Monday, December 18, 2017 8:01:06 AM

Post# of 9682
From the $CAPC 3Q 2016 Quarterly Report. In summary, the following outlines a bit of the history with AC Kinetics. When AC Kinetics was to be bought by another company, Capstone got their $500k investment back and in return terminated the royalty agreement where AC Kinetics would pay Capstone 7% for sale of any Capstone technology product. Apparently the purchasing company did not want this arrangement. CPC came out of this and maybe the new product will too. Skip to the bolded parts if you get bored

On January 15, 2013, the Company entered into an agreement with AC Kinetics, Inc. ("AC Kinetics") to purchase 100 shares of AC Kinetics Series A Preferred Stock for $500,000. These shares carry a liquidation preference in the amount of $500,000, are convertible at the Company's demand into 3% of the outstanding shares of AC Kinetics common stock and have anti-dilution protection.
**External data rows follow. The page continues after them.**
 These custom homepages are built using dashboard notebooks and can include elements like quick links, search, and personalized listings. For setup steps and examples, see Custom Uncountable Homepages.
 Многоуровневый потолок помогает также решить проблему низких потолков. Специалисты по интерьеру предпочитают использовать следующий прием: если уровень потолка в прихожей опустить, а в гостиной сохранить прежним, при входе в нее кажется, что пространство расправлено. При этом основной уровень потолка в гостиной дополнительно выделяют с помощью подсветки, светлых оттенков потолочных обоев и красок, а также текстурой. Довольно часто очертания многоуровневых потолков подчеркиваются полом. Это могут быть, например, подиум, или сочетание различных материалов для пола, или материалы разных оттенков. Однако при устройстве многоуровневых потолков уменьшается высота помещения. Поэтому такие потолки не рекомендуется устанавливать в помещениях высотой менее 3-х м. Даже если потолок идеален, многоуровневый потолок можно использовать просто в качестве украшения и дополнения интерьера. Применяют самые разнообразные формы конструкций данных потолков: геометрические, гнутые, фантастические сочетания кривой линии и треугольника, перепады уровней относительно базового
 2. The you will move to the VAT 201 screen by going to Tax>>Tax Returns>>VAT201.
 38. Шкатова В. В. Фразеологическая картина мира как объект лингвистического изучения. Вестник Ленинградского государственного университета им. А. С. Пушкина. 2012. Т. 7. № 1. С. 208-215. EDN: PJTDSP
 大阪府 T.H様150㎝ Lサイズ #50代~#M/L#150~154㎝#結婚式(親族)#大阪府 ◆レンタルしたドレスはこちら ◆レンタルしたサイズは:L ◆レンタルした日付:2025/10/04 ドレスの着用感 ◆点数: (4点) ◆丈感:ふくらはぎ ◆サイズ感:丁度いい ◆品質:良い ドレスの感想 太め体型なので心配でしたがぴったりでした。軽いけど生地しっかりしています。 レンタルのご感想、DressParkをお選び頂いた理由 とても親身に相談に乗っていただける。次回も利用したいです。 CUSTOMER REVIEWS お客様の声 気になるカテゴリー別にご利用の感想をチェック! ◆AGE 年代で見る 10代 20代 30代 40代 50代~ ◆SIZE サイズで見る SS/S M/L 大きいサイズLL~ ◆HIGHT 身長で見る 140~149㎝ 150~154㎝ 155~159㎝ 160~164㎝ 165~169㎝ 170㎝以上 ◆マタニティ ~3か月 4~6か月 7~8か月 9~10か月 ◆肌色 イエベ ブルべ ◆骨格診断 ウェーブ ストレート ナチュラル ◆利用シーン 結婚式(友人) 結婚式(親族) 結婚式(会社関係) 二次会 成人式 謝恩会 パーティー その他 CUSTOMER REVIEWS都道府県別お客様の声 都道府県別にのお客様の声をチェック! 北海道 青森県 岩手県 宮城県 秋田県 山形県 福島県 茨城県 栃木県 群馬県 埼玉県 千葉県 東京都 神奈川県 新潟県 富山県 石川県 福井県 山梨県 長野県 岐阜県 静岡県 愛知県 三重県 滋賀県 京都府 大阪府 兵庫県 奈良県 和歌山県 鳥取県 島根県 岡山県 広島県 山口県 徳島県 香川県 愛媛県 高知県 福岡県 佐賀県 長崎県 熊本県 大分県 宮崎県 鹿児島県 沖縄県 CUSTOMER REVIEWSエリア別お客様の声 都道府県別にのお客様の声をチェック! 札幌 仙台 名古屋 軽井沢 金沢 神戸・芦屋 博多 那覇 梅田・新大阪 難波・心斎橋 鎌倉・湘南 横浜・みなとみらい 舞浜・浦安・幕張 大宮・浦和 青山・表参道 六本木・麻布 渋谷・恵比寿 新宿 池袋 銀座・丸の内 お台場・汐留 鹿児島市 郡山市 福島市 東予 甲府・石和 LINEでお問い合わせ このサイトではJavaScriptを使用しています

In addition, the Company and AC Kinetics agreed to cooperate in the development and commercialization of consumer and industrial products to be solely owned by the Company. AC Kinetics will be the Company's advanced product developer. AC Kinetics will notify
the appropriate technology departments at the Massachusetts Institute of Technology ("MIT") of the Company's ability and desire to commercialize consumer and industrial products developed in the MIT incubator departments.

The Company and AC Kinetics also entered into a royalty agreement whereby, the Company would receive a 7% royalty on any licensing revenues received by AC Kinetics for products sold by them. This royalty agreement will terminate upon receipt by the Company of royalties of $500,000.
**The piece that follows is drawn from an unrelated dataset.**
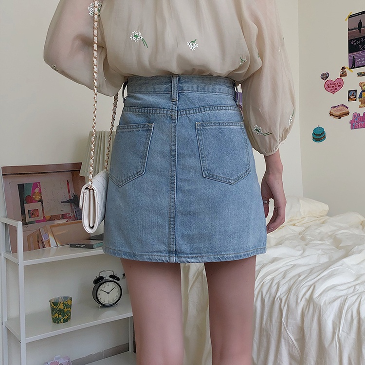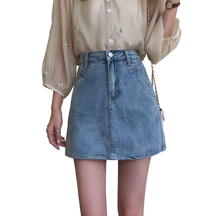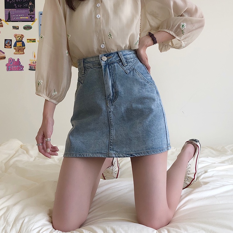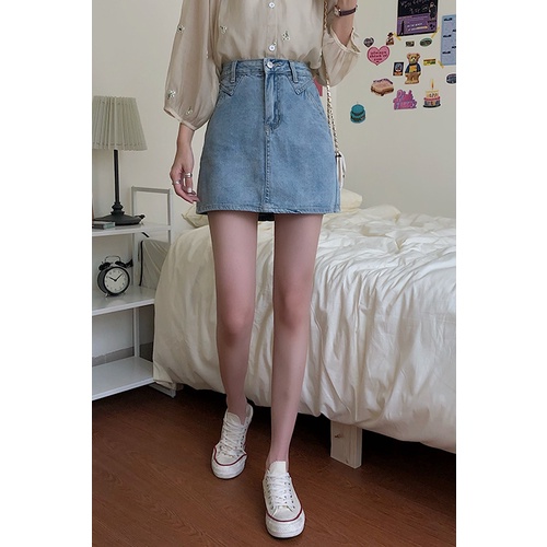 【HOT 本舖】百搭高腰A字裙包臀牛仔裙 韓系ins風高腰牛仔半身裙女顯瘦休閒包臀A字裙

On June 8, 2016, the Board of Directors approved a Resolution to accept an offer from AC Kinetics to sell back the 100 shares of AC Kinetics Series A Preferred Stock. With acceptance of this offer the royalty agreement will also terminate. For consideration, the Company received a note for $1,500,000 that will be immediately paid to the Company on completion and funding of a Securities Purchase Agreement with a national company to purchase AC Kinetics. The note is subject to a Subordination Agreement for loans made to AC Kinetics by the national company involved in the Securities Purchase Agreement. As the note is subject to a subordination agreement, and the Securities Purchase Agreement between the national company and AC Kinetics has not been concluded, the Company has determined a $500,000 fair value of this note at September 30, 2016. As further consideration, the Company also, received an option to repurchase 1,666,667 shares of Company Common Stock held by Involve L.L.C. at an exercise price of $.15. The Agreements were signed June 27, 2016 and the option period is the 12-month period between the first option exercise date and the 36-month anniversary of the effective date of the option agreement.
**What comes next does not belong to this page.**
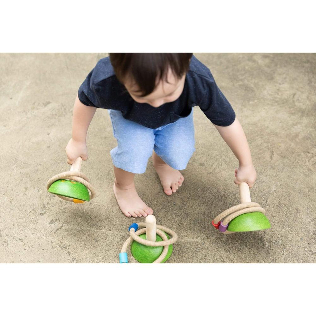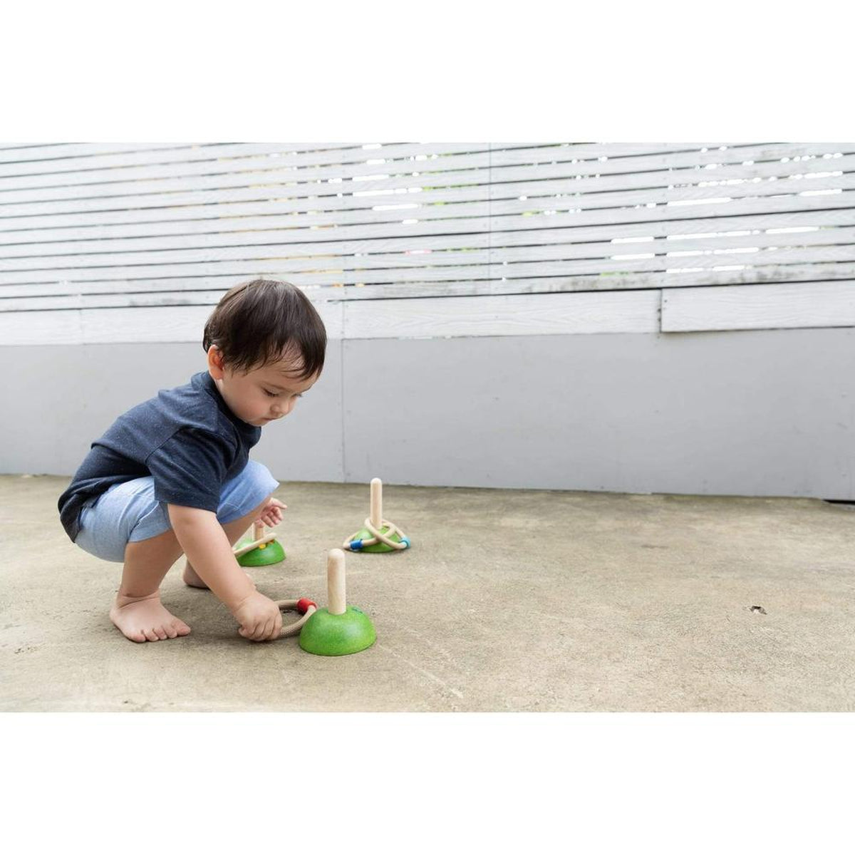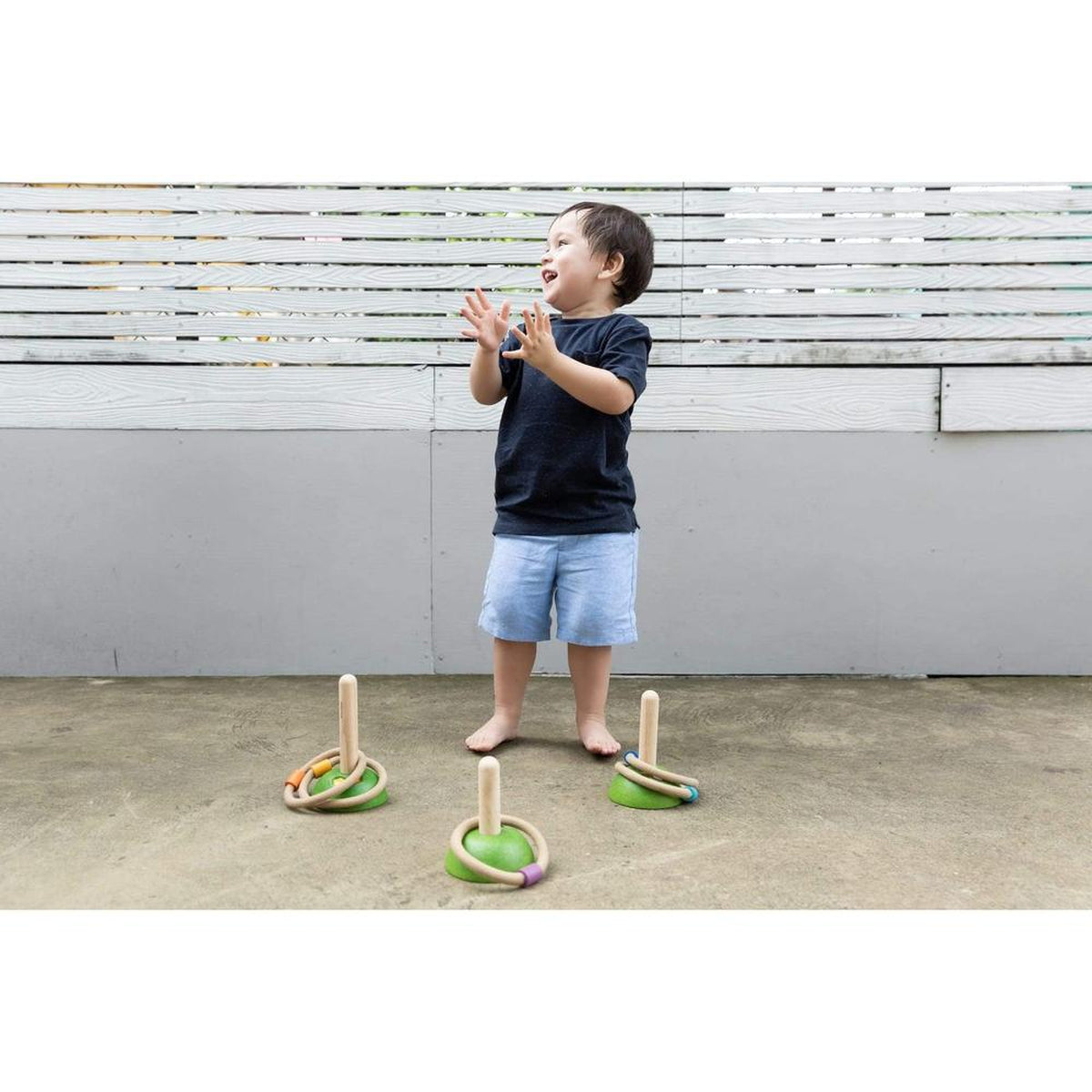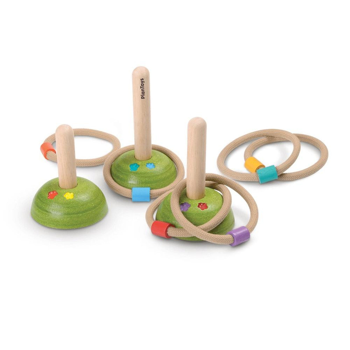 Ready, set, aim! Practice your aim with this fun indoor/outdoor ring toss game from Plan Toys. This colourful meadow-themed game is fun for all aged 3 years and up. Set includes 3 meadow posts of varying heights and 6 rope rings, each with its own coloured bead to identify it. Place the posts close for beginners and spread out for more advanced play.

Our 2013 investment in AC Kinetic Technologies, an Armonk, New York technology development company, has allowed us to develop certain innovative concepts that the Company has conceived and that are complex and which has yielded intellectual property that we believe will further distinguish the Company's products from other off-the-shelf products commonly marketed at the retail level. The Company plans to exploit the trade secret technologies developed and completed by AC Kinetic Technologies within the Company's own products, both labeled under "Capstone" and under the Hoover Ò HOME LED brand.


On June 8, 2016, the Board of Directors approved and accepted an offer from AC Kinetics to buy back their 100 shares of AC Kinetics Series A Preferred Stock for a $1,500,000 Note Receivable with an estimated fair market value of $500,000. The Company may continue its technology development relationship with AC Kinetics despite the agreement to sell the 100 shares of A C Kinetics Series A Preferred Stock.